**DATA SECTION:**
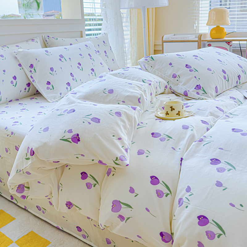 (总)2025韩版双花边多功能AB面牛奶绒四件套甜美仙女法式花边韩式小碎花印花牛奶绒四件套加绒保暖单被套罩,紫韵花开,富贵花开,简约之家,花语,梦幻花园,春暖花开
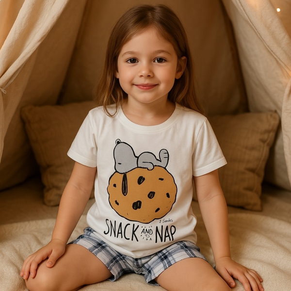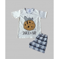 SD511 PIJAMA MENINA DE CALÇÃO E MANGA CURTA ( SNACK AND NAP ) 100% ALGODÂO
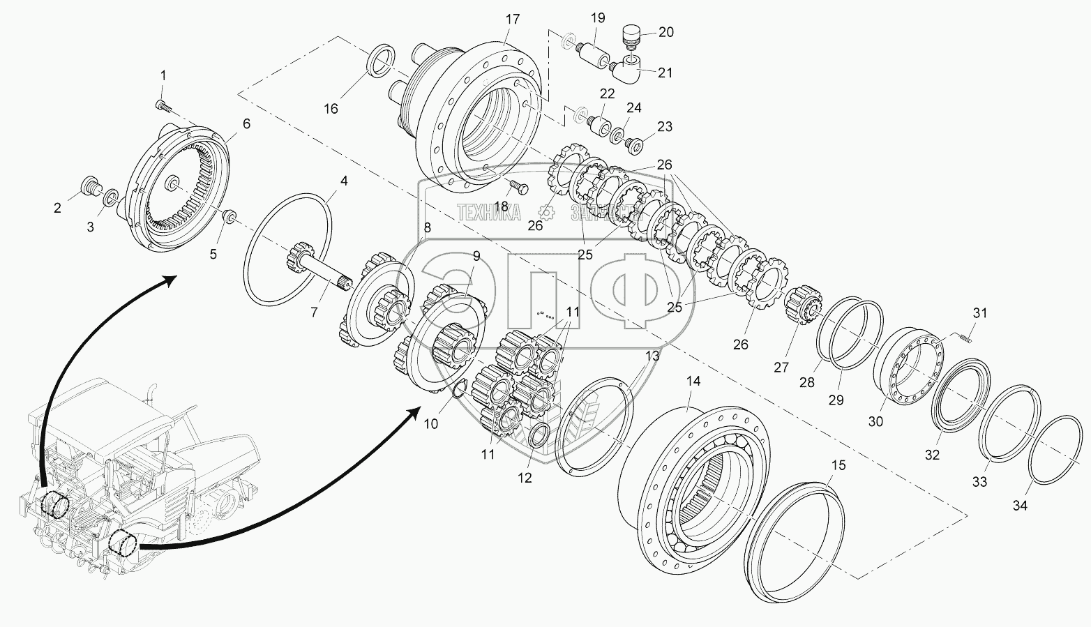 Каталог запасных частей к технике: VOGELE SUPER 1600-2. CHASSIS TRANSMISSION

**WORK INSTRUCTIONS:**
Reproduce every line of the material precisely, omitting its pictures.

**TASK ANSWER:**
 (总)2025韩版双花边多功能AB面牛奶绒四件套甜美仙女法式花边韩式小碎花印花牛奶绒四件套加绒保暖单被套罩,紫韵花开,富贵花开,简约之家,花语,梦幻花园,春暖花开
 SD511 PIJAMA MENINA DE CALÇÃO E MANGA CURTA ( SNACK AND NAP ) 100% ALGODÂO
 Каталог запасных частей к технике: VOGELE SUPER 1600-2. CHASSIS TRANSMISSION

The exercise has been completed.